Given entries ▸

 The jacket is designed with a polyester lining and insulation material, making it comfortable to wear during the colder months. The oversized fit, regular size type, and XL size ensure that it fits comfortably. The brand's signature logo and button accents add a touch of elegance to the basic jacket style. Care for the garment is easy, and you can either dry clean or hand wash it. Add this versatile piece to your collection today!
--
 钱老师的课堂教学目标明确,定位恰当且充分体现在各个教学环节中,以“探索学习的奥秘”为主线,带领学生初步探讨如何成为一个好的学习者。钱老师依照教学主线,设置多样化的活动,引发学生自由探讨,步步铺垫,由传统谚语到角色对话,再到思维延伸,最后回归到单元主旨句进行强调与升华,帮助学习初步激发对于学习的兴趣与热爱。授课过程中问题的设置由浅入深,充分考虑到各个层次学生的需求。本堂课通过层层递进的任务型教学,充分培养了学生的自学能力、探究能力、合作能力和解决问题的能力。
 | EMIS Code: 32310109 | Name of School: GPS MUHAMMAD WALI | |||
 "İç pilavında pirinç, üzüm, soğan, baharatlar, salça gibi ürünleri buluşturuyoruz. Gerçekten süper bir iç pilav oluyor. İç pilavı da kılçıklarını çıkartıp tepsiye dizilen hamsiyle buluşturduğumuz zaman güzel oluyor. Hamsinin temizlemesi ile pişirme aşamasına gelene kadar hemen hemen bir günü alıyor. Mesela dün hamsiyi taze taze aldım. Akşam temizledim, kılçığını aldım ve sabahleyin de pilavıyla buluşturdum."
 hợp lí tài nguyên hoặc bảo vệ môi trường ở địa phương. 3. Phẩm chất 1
...
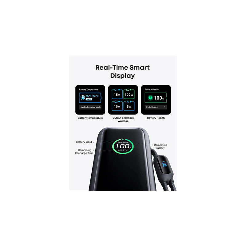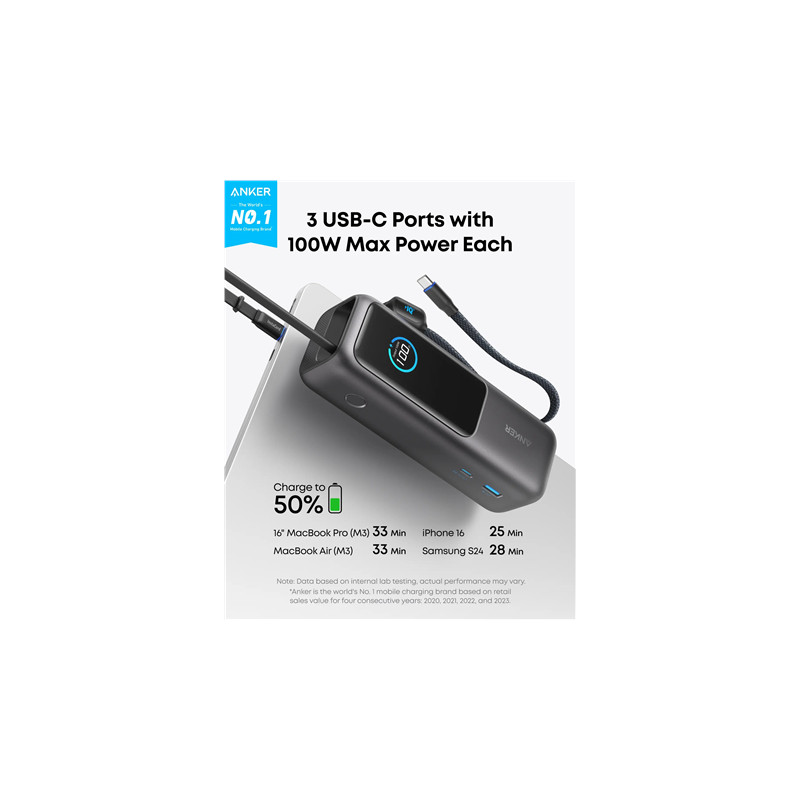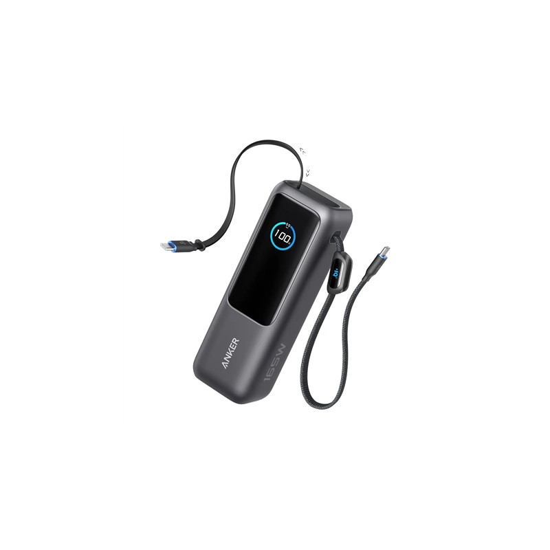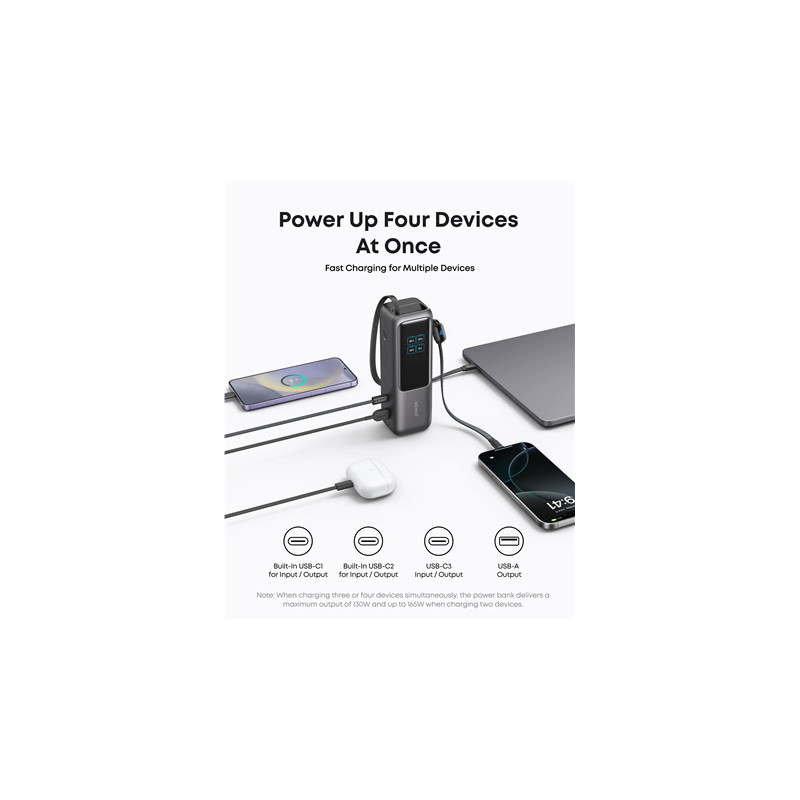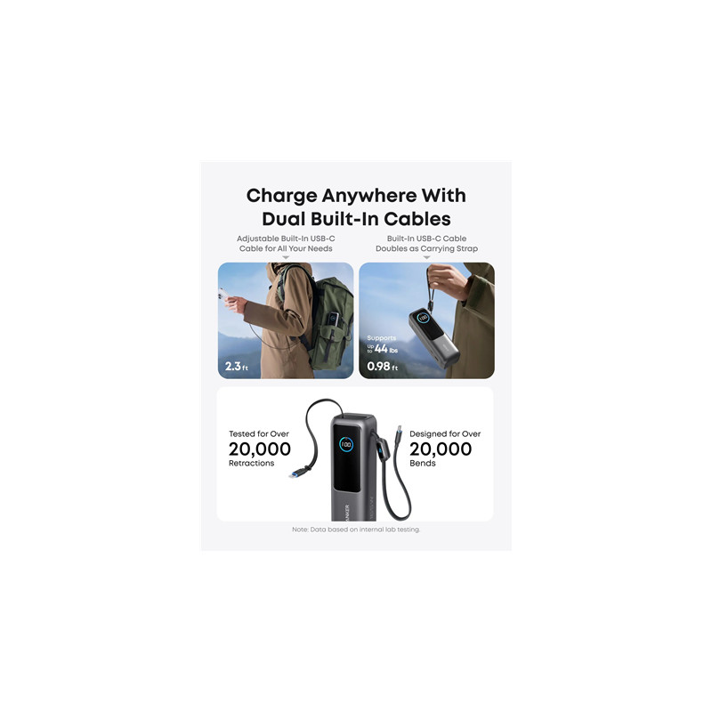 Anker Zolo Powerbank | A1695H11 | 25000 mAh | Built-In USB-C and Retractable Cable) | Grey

Work required ▸ With the line holding "soğan, baharatlar, salça" as the first and the line holding "hợp lí tài nguyên" as the last, set down that range of the entries above exactly, and nothing else.

Answer for the task ▸
 "İç pilavında pirinç, üzüm, soğan, baharatlar, salça gibi ürünleri buluşturuyoruz. Gerçekten süper bir iç pilav oluyor. İç pilavı da kılçıklarını çıkartıp tepsiye dizilen hamsiyle buluşturduğumuz zaman güzel oluyor. Hamsinin temizlemesi ile pişirme aşamasına gelene kadar hemen hemen bir günü alıyor. Mesela dün hamsiyi taze taze aldım. Akşam temizledim, kılçığını aldım ve sabahleyin de pilavıyla buluşturdum."
 hợp lí tài nguyên hoặc bảo vệ môi trường ở địa phương. 3. Phẩm chất 1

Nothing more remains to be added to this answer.